▸ WORK INSTRUCTION
Print exactly the line that contains "Rendez-vous jeudi 11", then every following line through the end of the material; include nothing else and no pictures.

▸ MATERIALS PROVIDED
▼▼▼

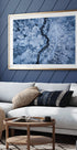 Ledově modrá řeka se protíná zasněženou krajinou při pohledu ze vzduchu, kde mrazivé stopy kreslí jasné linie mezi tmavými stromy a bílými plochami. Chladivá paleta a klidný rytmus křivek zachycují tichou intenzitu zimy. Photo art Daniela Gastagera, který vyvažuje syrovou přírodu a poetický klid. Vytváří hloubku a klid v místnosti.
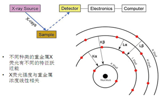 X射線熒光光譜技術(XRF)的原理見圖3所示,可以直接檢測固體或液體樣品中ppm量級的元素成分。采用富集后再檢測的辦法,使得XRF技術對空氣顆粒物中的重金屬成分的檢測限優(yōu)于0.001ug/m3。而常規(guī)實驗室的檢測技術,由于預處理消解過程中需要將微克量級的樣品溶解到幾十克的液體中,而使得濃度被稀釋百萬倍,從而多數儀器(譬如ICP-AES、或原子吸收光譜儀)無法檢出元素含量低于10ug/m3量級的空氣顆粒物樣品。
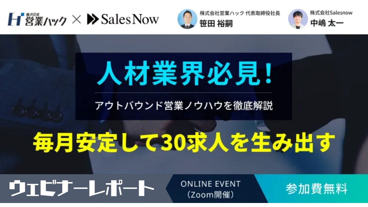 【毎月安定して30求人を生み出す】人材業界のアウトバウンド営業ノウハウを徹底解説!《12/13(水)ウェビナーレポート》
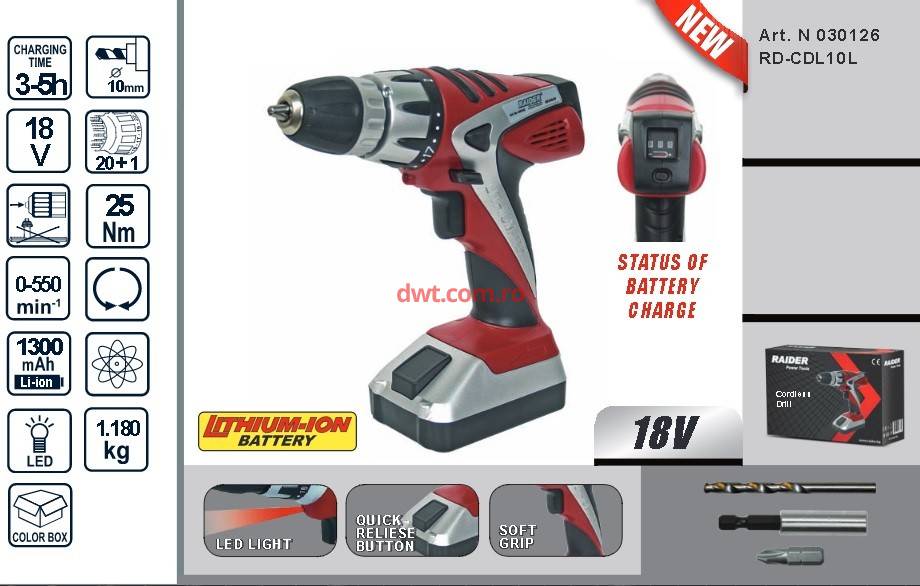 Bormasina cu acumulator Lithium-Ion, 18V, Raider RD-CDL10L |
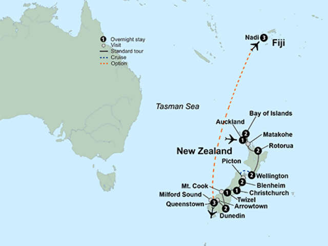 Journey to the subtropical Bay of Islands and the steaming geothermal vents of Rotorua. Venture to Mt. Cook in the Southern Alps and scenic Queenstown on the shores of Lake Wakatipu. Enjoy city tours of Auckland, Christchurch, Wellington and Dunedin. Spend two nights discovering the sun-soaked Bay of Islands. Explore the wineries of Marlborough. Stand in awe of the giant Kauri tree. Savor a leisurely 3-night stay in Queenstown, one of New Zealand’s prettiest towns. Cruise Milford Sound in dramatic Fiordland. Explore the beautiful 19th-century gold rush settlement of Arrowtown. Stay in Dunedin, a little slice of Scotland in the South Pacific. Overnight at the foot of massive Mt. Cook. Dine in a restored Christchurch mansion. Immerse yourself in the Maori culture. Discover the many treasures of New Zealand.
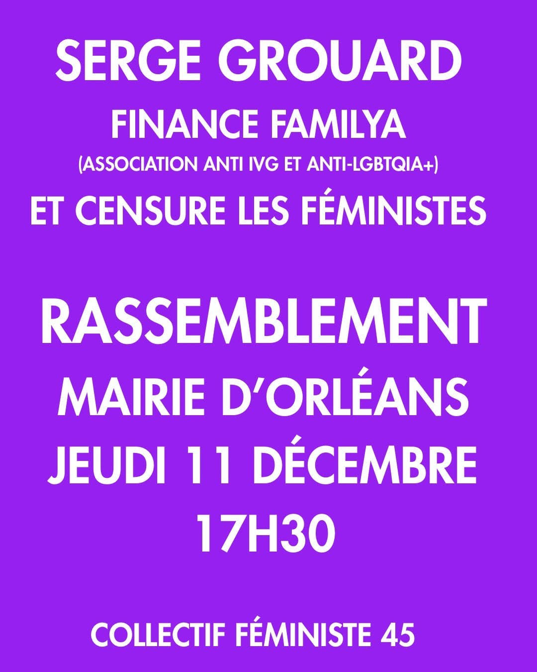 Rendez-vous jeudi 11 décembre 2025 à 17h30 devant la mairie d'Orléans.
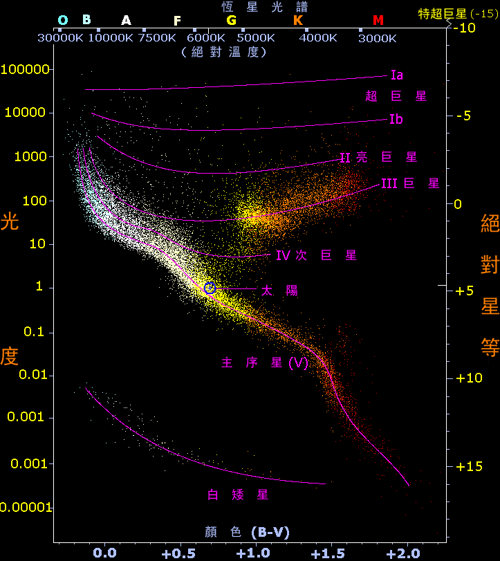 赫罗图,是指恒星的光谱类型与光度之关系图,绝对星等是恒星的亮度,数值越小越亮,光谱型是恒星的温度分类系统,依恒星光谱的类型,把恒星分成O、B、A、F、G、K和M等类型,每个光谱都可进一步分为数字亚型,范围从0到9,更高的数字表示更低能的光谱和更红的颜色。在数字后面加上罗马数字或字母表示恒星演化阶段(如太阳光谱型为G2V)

▲▲▲

▸ RESULT FOR THIS EXERCISE
 Rendez-vous jeudi 11 décembre 2025 à 17h30 devant la mairie d'Orléans.
 赫罗图,是指恒星的光谱类型与光度之关系图,绝对星等是恒星的亮度,数值越小越亮,光谱型是恒星的温度分类系统,依恒星光谱的类型,把恒星分成O、B、A、F、G、K和M等类型,每个光谱都可进一步分为数字亚型,范围从0到9,更高的数字表示更低能的光谱和更红的颜色。在数字后面加上罗马数字或字母表示恒星演化阶段(如太阳光谱型为G2V)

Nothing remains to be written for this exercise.